E2EDev: Benchmarking Large Language Models in End-to-End Software Development Task¶
Conference: ACL 2026 arXiv: 2510.14509 Code: https://github.com/SCUNLP/E2EDev Area: LLM Evaluation Keywords: end-to-end software development, behavior-driven development, benchmark, multi-agent coding, requirements verification
TL;DR¶
This paper proposes E2EDev, an end-to-end software development benchmark grounded in Behavior-Driven Development (BDD) principles. It comprises 46 real-world web projects, 244 fine-grained requirements, and 703 executable BDD tests. Evaluation reveals that even the strongest LLMs (Claude series) achieve no more than 60% requirement accuracy, and that the interaction overhead of multi-agent frameworks is disproportionate to their performance gains.
Background & Motivation¶
Background: LLM-driven end-to-end software development (E2ESD) is evolving from function-level code generation toward full-project automation. Existing frameworks span multi-agent approaches (ChatDev, MetaGPT) and single-agent approaches (GPT-Engineer), yet evaluation methodology lags significantly behind framework development.

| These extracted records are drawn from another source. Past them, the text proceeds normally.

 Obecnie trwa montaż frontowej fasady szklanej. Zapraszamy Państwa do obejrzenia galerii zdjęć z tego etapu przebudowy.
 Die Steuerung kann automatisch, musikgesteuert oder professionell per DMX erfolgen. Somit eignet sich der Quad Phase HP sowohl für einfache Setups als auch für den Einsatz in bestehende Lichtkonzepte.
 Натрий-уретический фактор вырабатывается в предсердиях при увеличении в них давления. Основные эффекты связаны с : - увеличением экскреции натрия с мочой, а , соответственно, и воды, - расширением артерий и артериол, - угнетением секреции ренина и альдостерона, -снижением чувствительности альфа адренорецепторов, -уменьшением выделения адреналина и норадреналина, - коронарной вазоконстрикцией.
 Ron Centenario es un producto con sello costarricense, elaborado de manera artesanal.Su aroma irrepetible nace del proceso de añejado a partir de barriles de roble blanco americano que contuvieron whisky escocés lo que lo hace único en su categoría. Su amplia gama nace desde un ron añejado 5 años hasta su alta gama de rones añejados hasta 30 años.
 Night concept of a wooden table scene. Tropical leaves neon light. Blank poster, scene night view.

Limitations of Prior Work: (1) Existing benchmarks (SoftwareDev, SRDD) rely on coarse-grained requirement descriptions as input — vague phrasings such as "manage words" fail to specify whether users need editing, bookmarking, or deletion functionality; (2) Evaluation depends on subjective human judgment or heuristic metrics, lacking a systematic methodology grounded in software engineering standards, rendering cross-framework comparisons inconsistent and unreliable.

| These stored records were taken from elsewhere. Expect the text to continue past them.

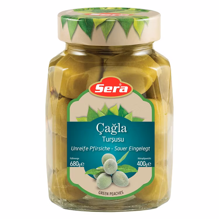 Upptäck en av de mest ovanliga och delikata smakerna från Turkiets rika matkultur – inlagda gröna mandlar från det välrenommerade märket Sera. Dessa mandlar skördas tidigt, innan de hunnit mogna fullt ut, vilket ger dem en krispig konsistens och en syrligt frisk smakprofil som gör dem till ett utpräglat meze-tillbehör eller en aptitretande snacksdelikatess.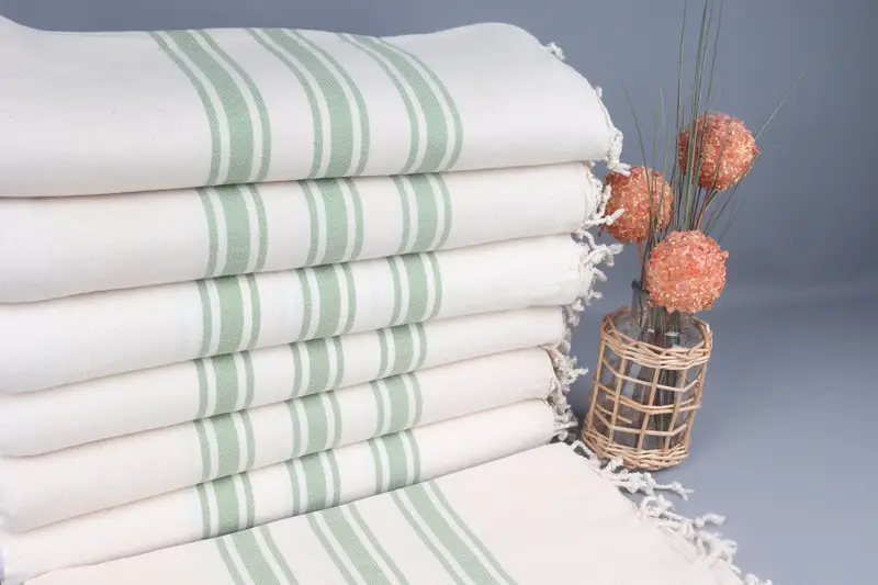 Organik Pamuk Havlu, Kişiye Özel Türk Plaj Havlusu, Haki Yeşil, 40x71 İnç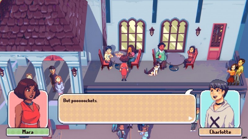 この章では、マラはリンデンに行って謝罪しなければなりません.バー エリアを出て、階段を下り、チェス盤のテーブルを通り過ぎて、オープンエアのダイニング エリアに出ます。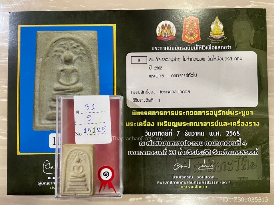 ติดรางวัลที่2+บัตรรับรอง สมเด็จบางขุนพรหม31 พิมพ์ใหญ่

Key Challenge: E2ESD tasks require simultaneously performing high-level planning (deciding what to build) and fine-grained functional implementation (precisely satisfying requirement details). Ambiguous requirements and unreliable evaluation in existing benchmarks prevent a genuine understanding of where framework capabilities break down.
Goal: (1) Construct an E2ESD benchmark with fine-grained requirement specifications; (2) Design an automated BDD-based evaluation pipeline; (3) Systematically analyze the actual capabilities and failure modes of various frameworks and LLMs on E2ESD tasks.

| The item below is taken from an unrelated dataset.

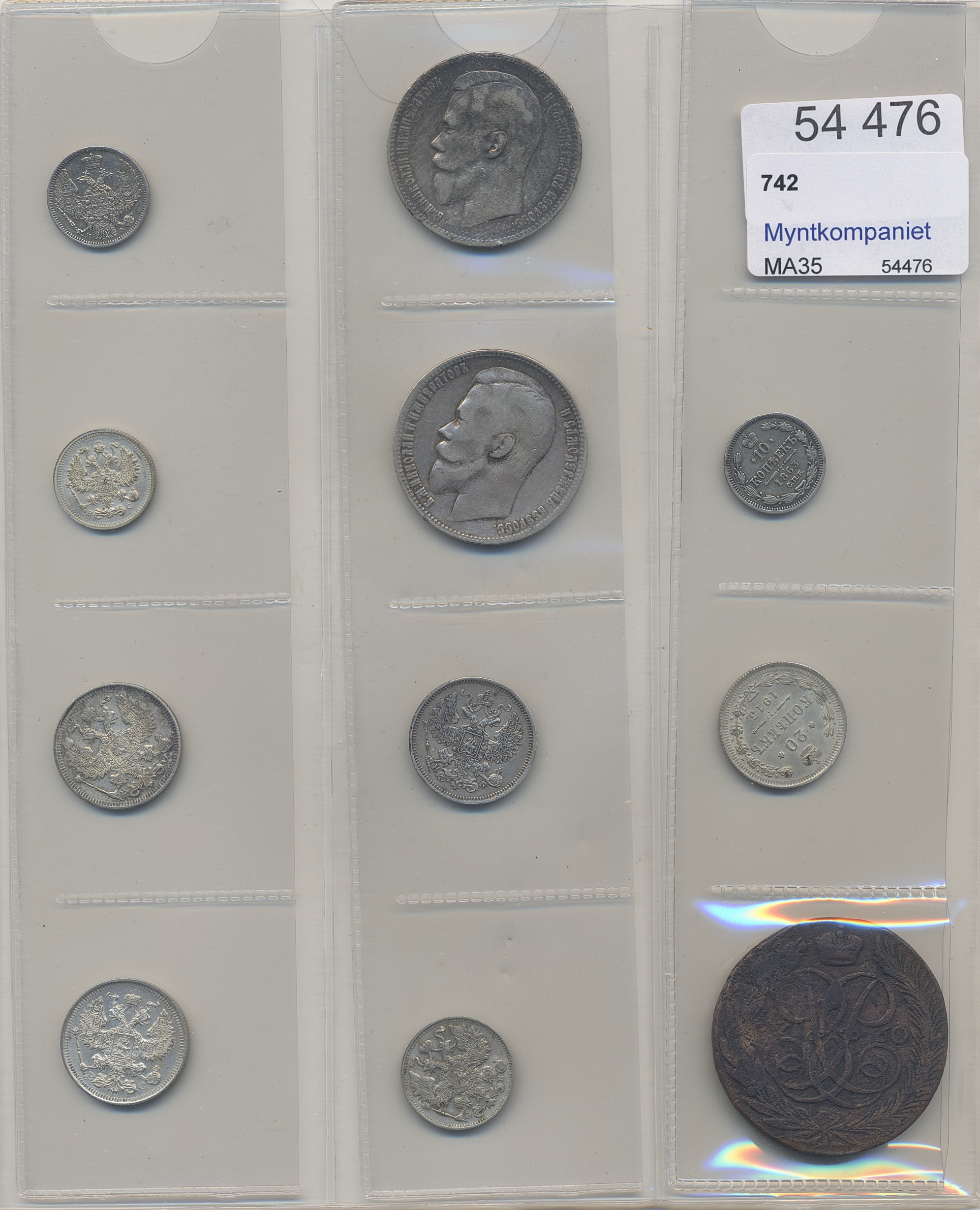 Coins, Russia. Small group of eleven Russian coins, mostly in silver. Please inspect! F-UNC.

Key Insight: Drawing on Behavior-Driven Development (BDD) principles from software engineering, this work employs Given-When-Then Gherkin scenarios to simulate real user interactions, enabling requirement verification from a user perspective.
Core Idea: Transform E2ESD evaluation from subjective human scoring to executable BDD tests grounded in fine-grained requirements, deterministically verifying the requirement conformance of generated code by simulating authentic user interactions.
Method¶
Overall Architecture¶
E2EDev consists of three components: (1) a fine-grained user requirement list for each software project; (2) multiple BDD test scenarios with corresponding Python step implementations for each requirement; and (3) a fully automated testing pipeline based on the Behave framework. The dataset is constructed from 46 real-world GitHub web projects via HITL-MAA (Human-In-The-Loop Multi-Agent Annotation framework).
Key Designs¶
-
HITL-MAA Annotation Framework:
- Function: Semi-automatically extracts fine-grained requirements and executable tests from source code.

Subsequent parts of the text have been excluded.